In general, the offspring (children and grandchildren), spouse and parents of the deceased have the right to a reserved part, but in all cases the reserved part does not apply. It only applies if the deceased's will excludes any statutory heirs from the estate. For example, if the deceased excludes in his will one of his children, the deprived child is entitled to a reserved portion. The reserved portion consists of a payment claim against the heirs' community. The sum that can be requested is one half of the reserved statutory portion. This claim falls within the three-year limitation period.

In general, if there are surviving relatives in the first category, the share of the surviving spouse will increase by 1/4, if there are surviving families in the second category or the grandparents of the deceived. The spouse is 100% inherited without any surviving relatives in the first or second category or grandparents. The spouse's heritage is also influenced by the marital system (e.g. community of accrued gain, or division of goods).

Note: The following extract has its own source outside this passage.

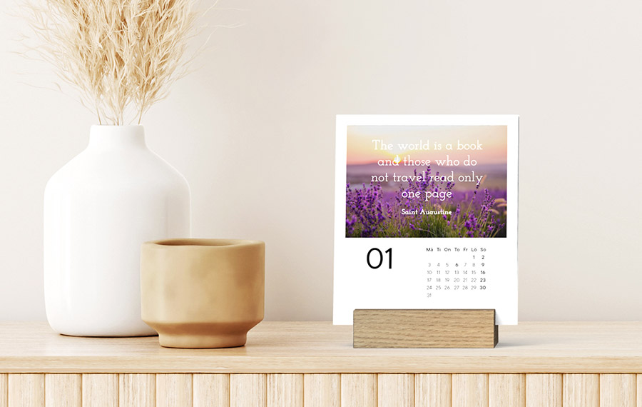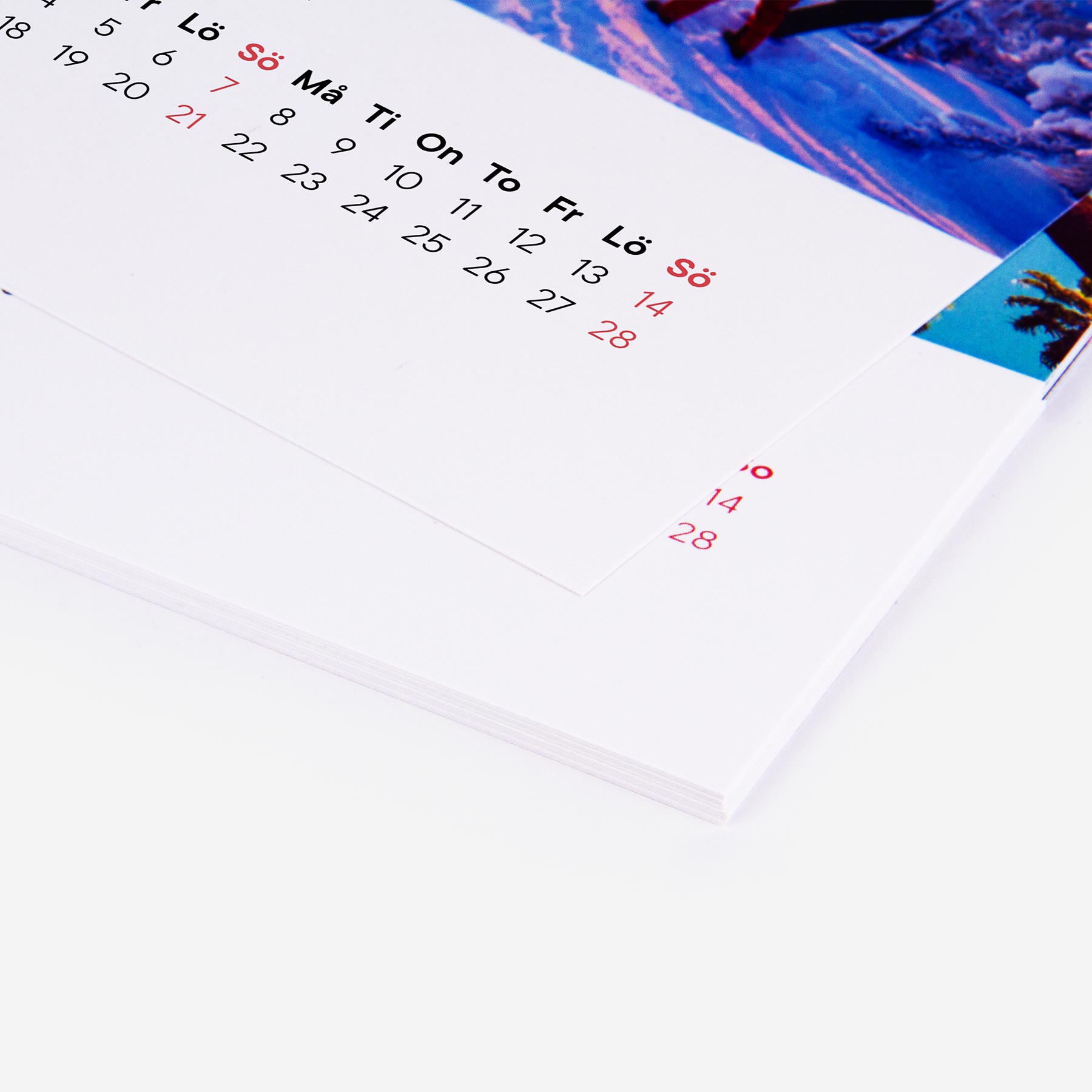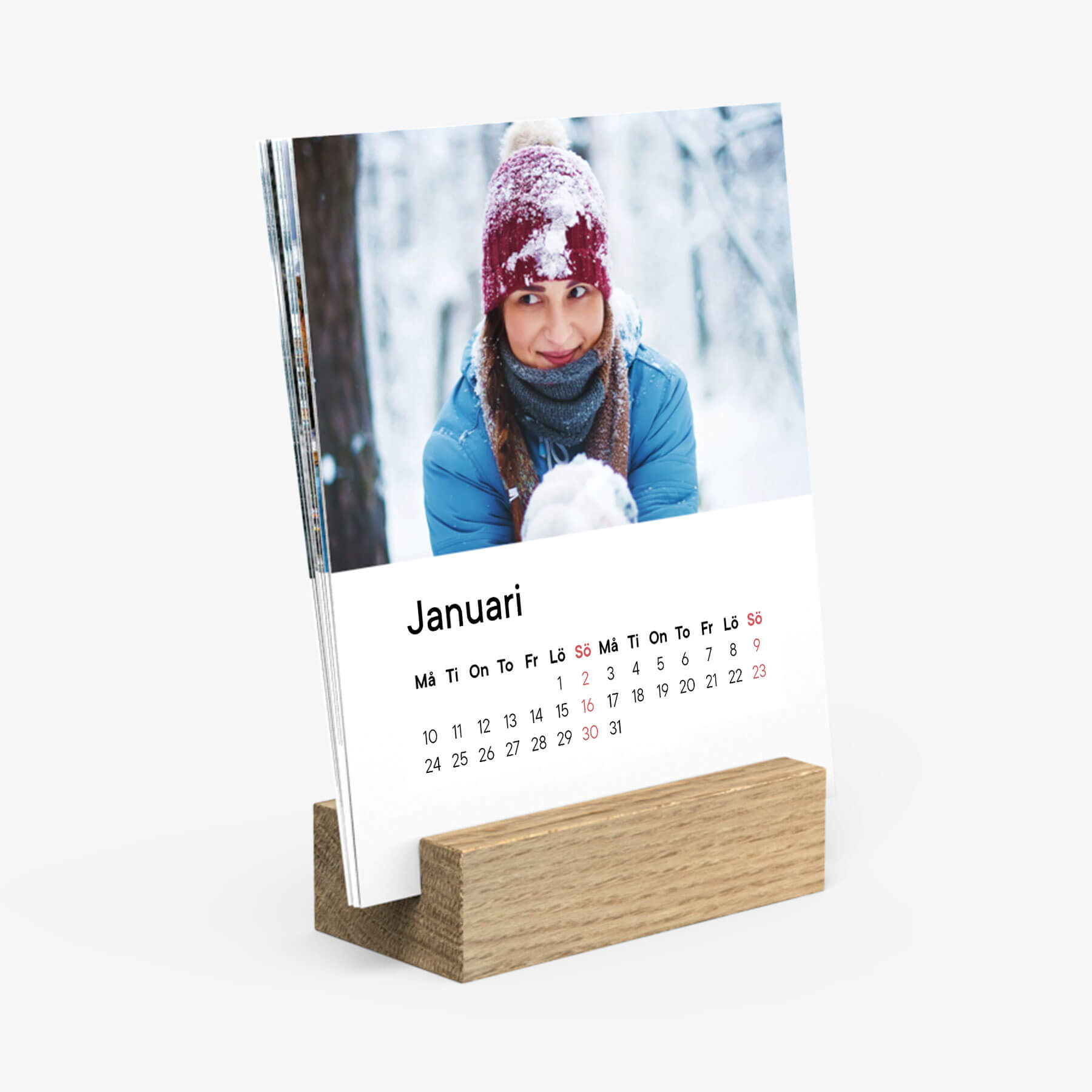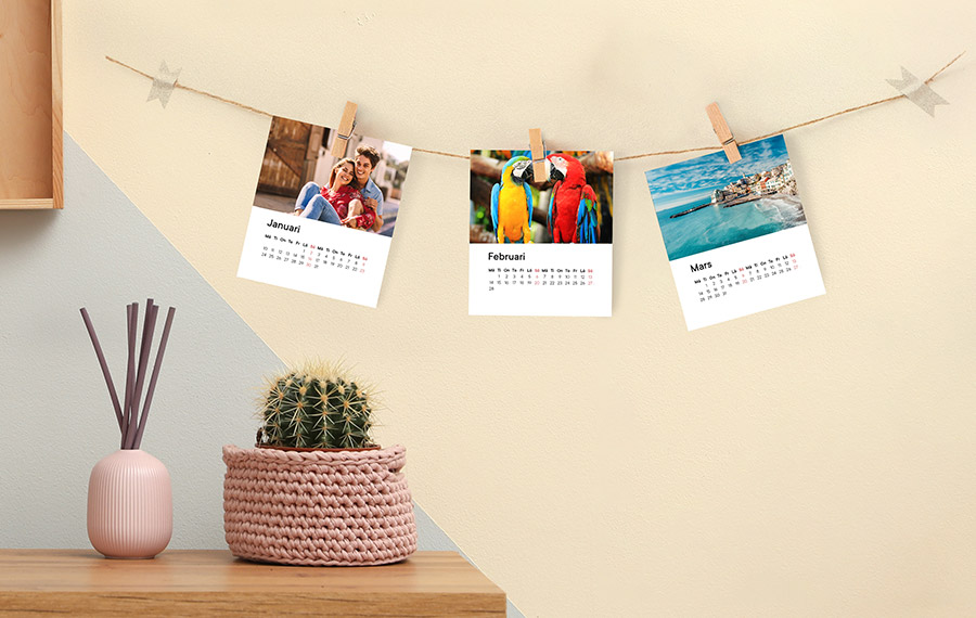 Vi trycker vart och ett av månadskorten och omslaget till din bordskalender i högsta kvalitet vilket ger dina bilder lyster och rika färger. Det träfria obestrukna 290 g/m2 papperet är mycket robust vilket ger det en unik kvalitetskänsla. Välj vilken månad du vill starta din kalender med och njut av den i 12 månader oavsett vilken månad du beställer kalendern.

Estonians are taxed on their global income

One becomes an Estonian resident if (1) one has a place of residence; or (2) one has 183 days or more in Estonia for a period of 12 months.

Married couples are taxed separately, but residents are allowed to file joint tax returns. Children are taxed individually.

In Estonia, residents of other EU members who received from Estonian sources at least 75% of their taxable income for the year must file an income tax return.

TAX INCOME

The following income taxes are collected: (1) employment income, (2) business income, (3) property disposal income, and (4) other sources of income. Taxable income is calculated separately and then aggregated for each category.
Revenues are taxed at a flat rate of 21%. In some cases, income tax is levied at a flat rate of 10%.
In 2015, the income tax rate will be reduced to 20%.
The basic annual personal benefit is €6,000.

INCOME RENTAL

Lease income is generally declared as corporate income. Taxable rental income is calculated simply as rental income and less related costs. This is then subject to a flat rate of 21% withholding tax. The rejected amount is credited with income tax due.

CAPITAL Winning

Capital gains are aggregated with other revenues and taxed at a standard 21 percent income tax rate. Capital gains are usually calculated by deducting selling price acquisition costs and transaction costs.

Some gains are tax-free, such as:

Gains from the sale of the primary residence of a taxpayer;

Profits derived from a transfer of a summer cottage or garden house owned by the taxpayer over two years.

TAX PROPERTY

Land is subject to annual land tax in Estonia and is levied on the market value of the land. The rate is set by the Municipal Council and ranges from 0.1% to 2.5%.

Land tax is usually paid by landowners, but in some cases users may be liable for the tax. Land tax is generally payable every 31 March and 01 October in two installments.

TAX INCOME

Corporate income tax is levied at 20% of the gross amount on the income and capital gains earned by companies. It is calculated generally as 20/80 of the net amount.